Restate the whole of the data below word for word, skipping the images.

PROVIDED MATERIAL:
________

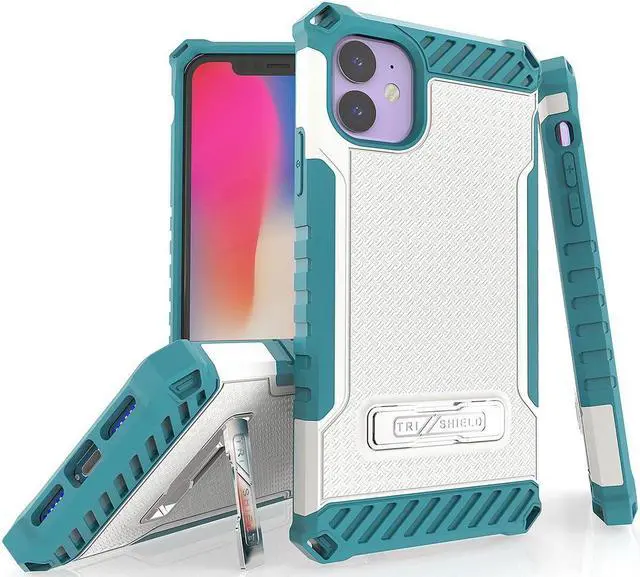 The Tri-Shield Case provides kickstand viewing, enhanced grip, unique style and Military-Grade drop protection.
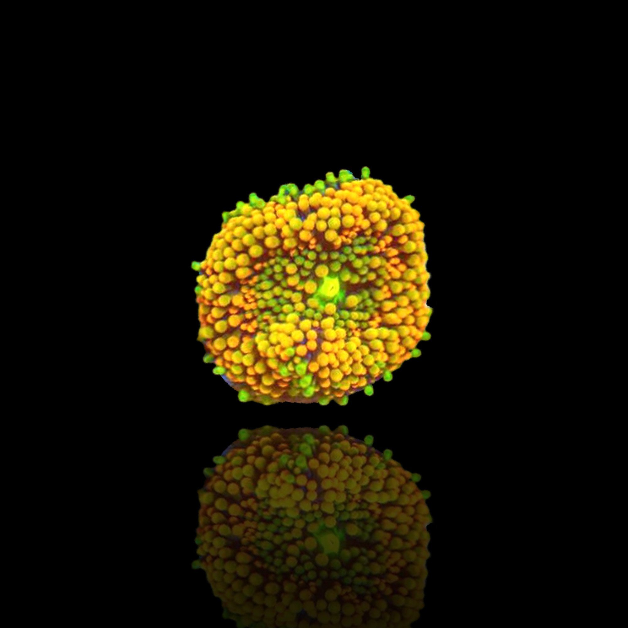 Die Ricordea florida Fluo Orange ist eine pflegeleichte und farbenfrohe Wahl, die jedes Riff mit einem leuchtenden, fluoreszierenden orangefarbenen Akzent bereichert. Ideal für alle, die eine auffällige und dekorative Pilzkoralle suchen.
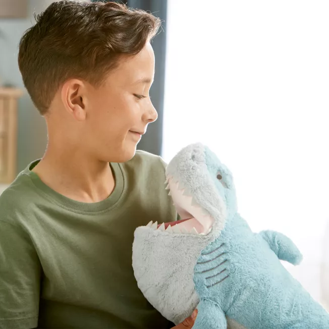 This super sweet and huggable Bruce plush is a nice shark and definitely NOT a mindless eating machine. Inspired by Disney and Pixar’s Finding Nemo, this adorable plush has a soft toothy grin and embroidered details. More than a fish, this cuddly chum is a friend.
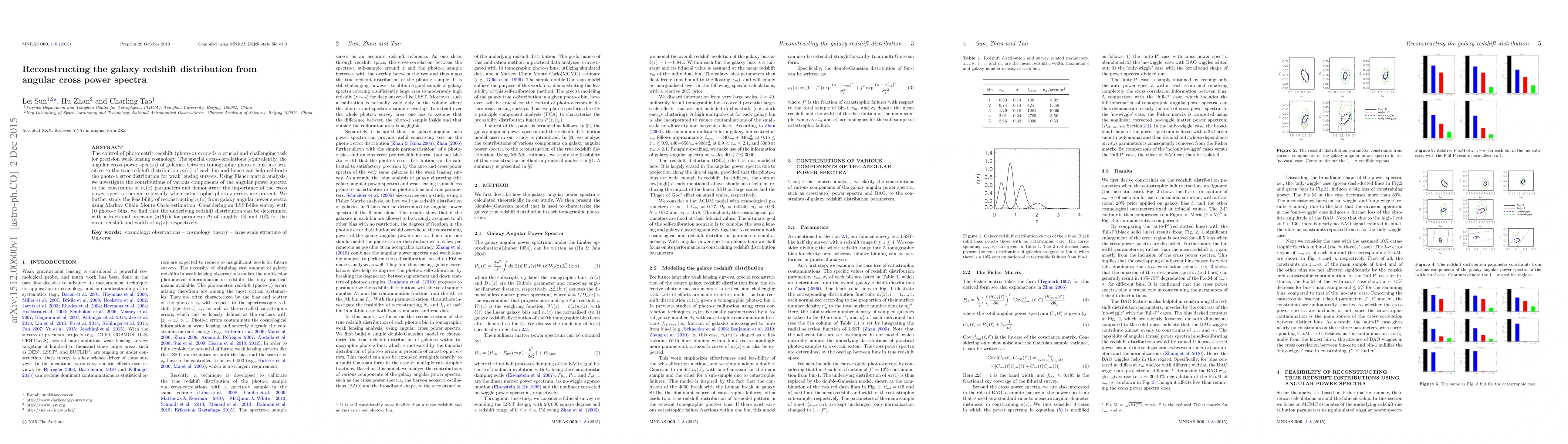 The control of photometric redshift (photo-$z$) errors is a crucial and challenging task for precision weak lensing cosmology. The spacial cross-correlations (equivalently, the angular cross power spectra) of galaxies between tomographic photo-$z$ bins are sensitive to the true redshift distribution $n_i(z)$ of each bin and hence can help calibrate the photo-$z$ error distribution for weak lensing surveys. Using Fisher matrix analysis, we investigate the contributions of various components of the angular power spectra to the constraints of $n_i(z)$ parameters and demonstrate the importance of the cross power spectra therein, especially when catastrophic photo-$z$ errors are present. We further study the feasibility of reconstructing $n_i(z)$ from galaxy angular power spectra using Markov Chain Monte Carlo estimation. Considering an LSST-like survey with $10$ photo-$z$ bins, we find that the underlying redshift distribution can be determined with a fractional precision ($\sigma(\theta)/\theta$ for parameter $\theta$) of roughly $1\%$ and $10\%$ for the mean redshift and width of $n_i(z)$, respectively.

________

EXPECTED OUTPUT:
 The Tri-Shield Case provides kickstand viewing, enhanced grip, unique style and Military-Grade drop protection.
 Die Ricordea florida Fluo Orange ist eine pflegeleichte und farbenfrohe Wahl, die jedes Riff mit einem leuchtenden, fluoreszierenden orangefarbenen Akzent bereichert. Ideal für alle, die eine auffällige und dekorative Pilzkoralle suchen.
 This super sweet and huggable Bruce plush is a nice shark and definitely NOT a mindless eating machine. Inspired by Disney and Pixar’s Finding Nemo, this adorable plush has a soft toothy grin and embroidered details. More than a fish, this cuddly chum is a friend.
 The control of photometric redshift (photo-$z$) errors is a crucial and challenging task for precision weak lensing cosmology. The spacial cross-correlations (equivalently, the angular cross power spectra) of galaxies between tomographic photo-$z$ bins are sensitive to the true redshift distribution $n_i(z)$ of each bin and hence can help calibrate the photo-$z$ error distribution for weak lensing surveys. Using Fisher matrix analysis, we investigate the contributions of various components of the angular power spectra to the constraints of $n_i(z)$ parameters and demonstrate the importance of the cross power spectra therein, especially when catastrophic photo-$z$ errors are present. We further study the feasibility of reconstructing $n_i(z)$ from galaxy angular power spectra using Markov Chain Monte Carlo estimation. Considering an LSST-like survey with $10$ photo-$z$ bins, we find that the underlying redshift distribution can be determined with a fractional precision ($\sigma(\theta)/\theta$ for parameter $\theta$) of roughly $1\%$ and $10\%$ for the mean redshift and width of $n_i(z)$, respectively.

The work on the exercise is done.